THE COMPLEXITY OF DATA ECOSYSTEM
The connectivity is going to be the driver of digital economy. 5G, when widely rolled out, will fuel the growth of the Internet of Things. In Europe, the number of mobile IoT connections is set to grow from 140 million devices in 2018 to nearly 740 million by 2026. All those connections will generate data that will eventually become resource for data analytics and for the AI-based solutions. 5G fueling IoT and IoT fueling AI will become a powerful circle creating new opportunities for the global competitiveness of the European industries. It is important to underline that the relations between those technologies strongly depend on high level of cybersecurity. In this regard, with more data and more access point to the omnipresent devices, infrastructure vulnerabilities must be absolutely minimised. Data, as powerful as it might be, is not an end in itself and must be treated as an enabler for the future business models and must be supported by complementary initiatives.
In the data-driven economy, big data gives possibilities to expand businesses and enhance market influence. It is also creating new sources of revenue as data itself becomes the subject of transactions.
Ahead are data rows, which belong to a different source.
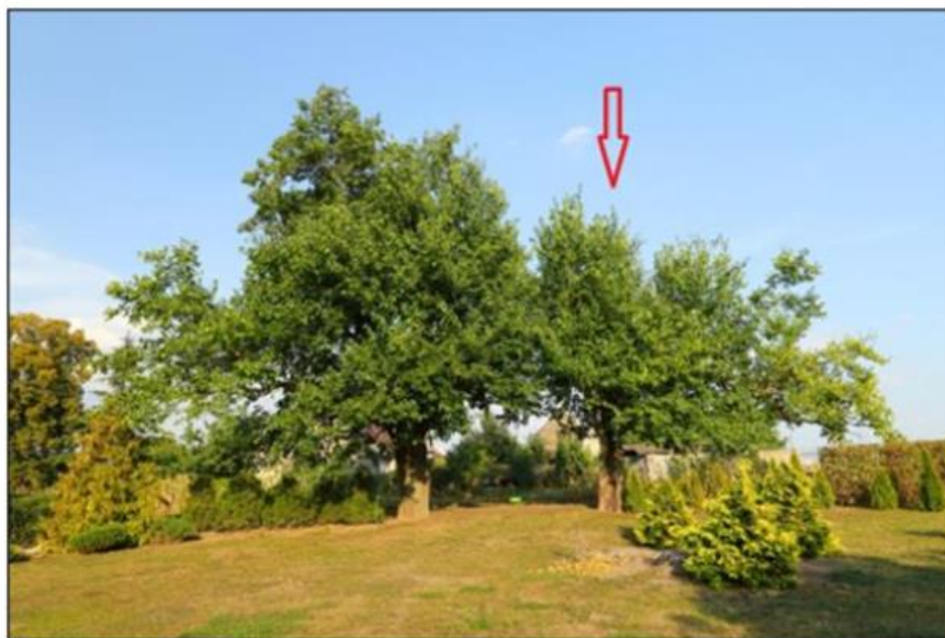
wrzesień 2019 r.

Załącznik Nr 2 do uchwały Nr LV/646/23 Rady Gminy Suchy Las z dnia 30 marca 2023 r.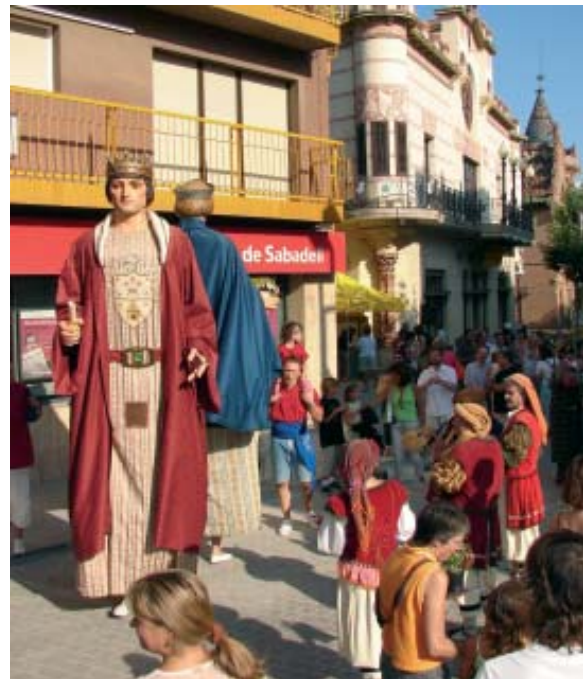
Inauguració riera Buscarons. Estiu 2005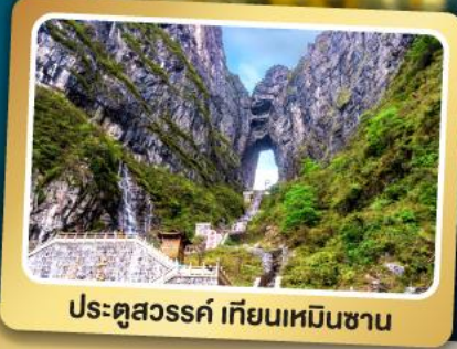
ประตูสวรรค์ เทียนเหมินซาน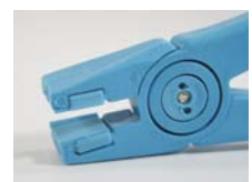
32 101 00 BLUE RUNNER Laufzange, Kunststoff Running pliers, plastic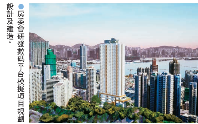
房委會研發數碼平台模擬項目規劃及建造。

香港文匯報訊 由房委會自主研發的一站式數碼管理平台「智築目」獲得「2024香港資訊及通訊科技獎」銀獎，提供一個虛擬平台，模擬項目規劃、設計、建造及交付整個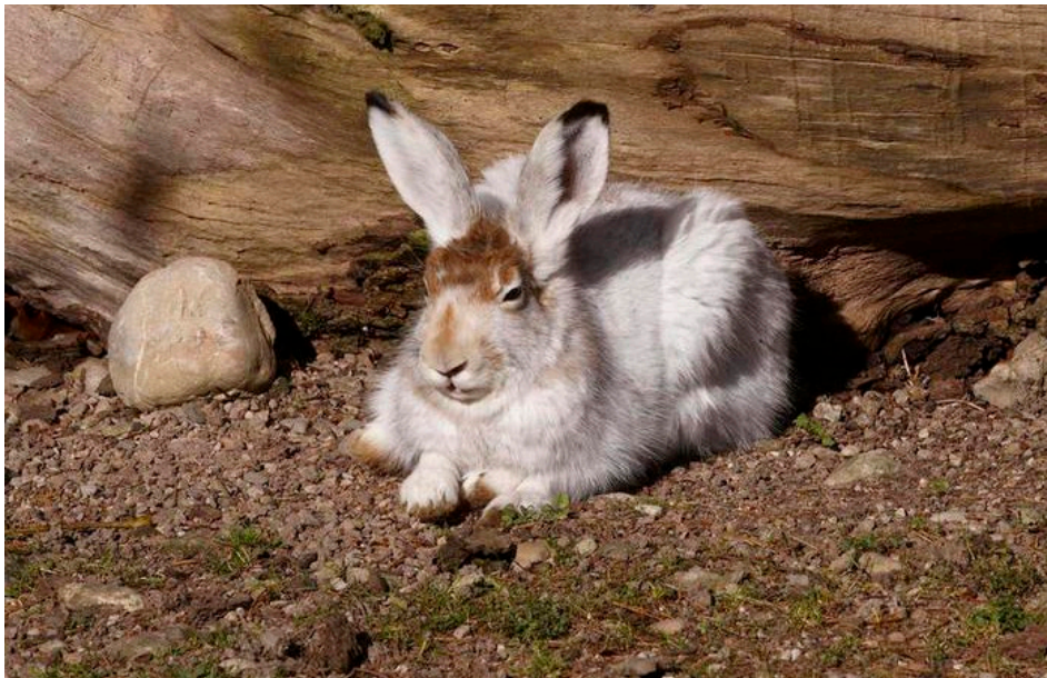
Figure 8 : Lièvre variable.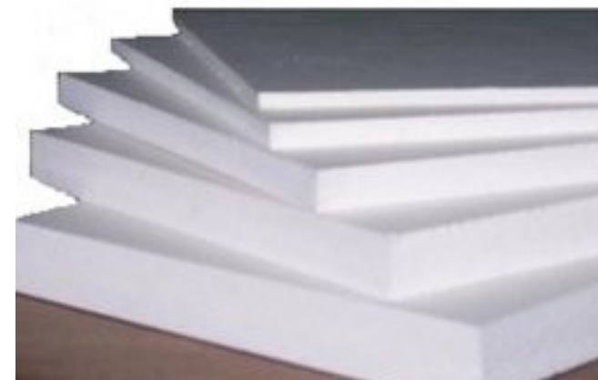
Χαρτόνι λευκό (μακετόχαρτο)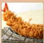
大海老かつ 1尾 980円 【卵・乳成分・小麦・えび】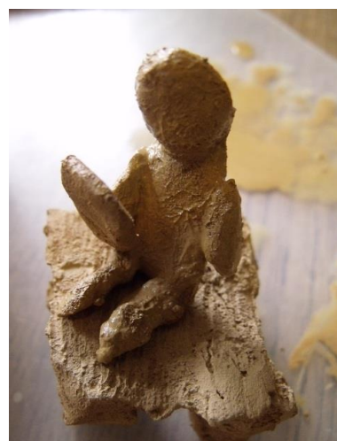
« Je lis seul dans ma chambre. » Autoportrait en terre cuite H : 10 cm

Tout en « créant », la personne fait appel à ses « ressources » pour aller vers son objectif. Elle se (re)découvre des capacités, de l'estime de soi, de l'amour de soi, de la confiance en soi, du respect de soi, ... La création permet de s'extérioriser, d'entrer en contact avec les autres. Elle est la métaphore, l'intermédiaire, la possibilité de communiquer ... Ce n'est pas l'Art pour l'Art mais l'expression de « l'essence ».

Companies collecting and managing data oftentimes require users to hand over some rights in exchange for the use of their services. This brings up questions on the ownership of data and whether it is possible to empower users to also benefit from the data they provide in addition to the regular use of the platform’s services. In the traditional approach, users are giving up their data and their digital traces in exchange for the convenience of “free” services while platforms are earning money on the aggregated data, mostly through the advertising. In the last couple of years, however, it has become clear how valuable the data can be and what are the inherent security concerns. The problem is amplified by the fact that a handful of existing services are very dominant and it is hard to find competitive solutions that would offer the same services but with a different approach to data governance. On the other hand, while it might be easy to set the value of the aggregated data, there is no simple way to price the data per unit, thus, the compensation to users seems extremely challenging. Even considering that there is a market-created tool that might appraise the individual pieces of data that users are creating, the question arises on who and how should arbitrate this process.
EUROPEAN APPROACH TO DATA
In the Recovery Plan for Europe the European Commission underlined the need to invest more in connectivity and in the European industrial and technological performance, which overall are having spill-over effects on the EU’s strategic autonomy. Digital economy, especially technologies such as AI, cloud and quantum computing, but also the development of digital infrastructure and next generation networks are all drivers for data production and flow, as well as engines of innovation and job creation. Thus, in the coming months the legislative actions will be taken as part of, among others, European Strategy for Data, Digital Services Act, EU industrial strategy or White Paper on AI. Data was put by the EC at the heart of the recovery for Europe in order to rebuild the single market and also to make it more green and digital. Boosting the data economy is the cornerstone of having Europe’s digital leadership ambition fulfilled. The ambitious goals of the Commission to use measures to remove existing barriers to data sharing, to data pooling, and also to scale up in a coordinated way including the building of the European cloud system must be translated into concrete actions in order to stay globally competitive. It is crucial to support European industry in the sectoral common data spaces. The data exchange solution will be in this regard a great boost to businesses and to the SMEs to scale up without additional huge costs. An important component is also the promotion of business to government and business to business data frameworks (also in the light of the current European Recovery Plan). The advantage of European digital strategies also lies in the values which are always given priority. One of the greatest strengths of the EU – the regulatory power – not only influences the ecosystem in the Member States but also resonates externally. Users’ trust in this regard is very important and might become a driver of the competitive data industry which might not be the case in other places of the world where the data handling is not subject to transparent rules. Thus, creating secure and trust-based solutions at the heart of the data governance rules might influence other players on a global scale.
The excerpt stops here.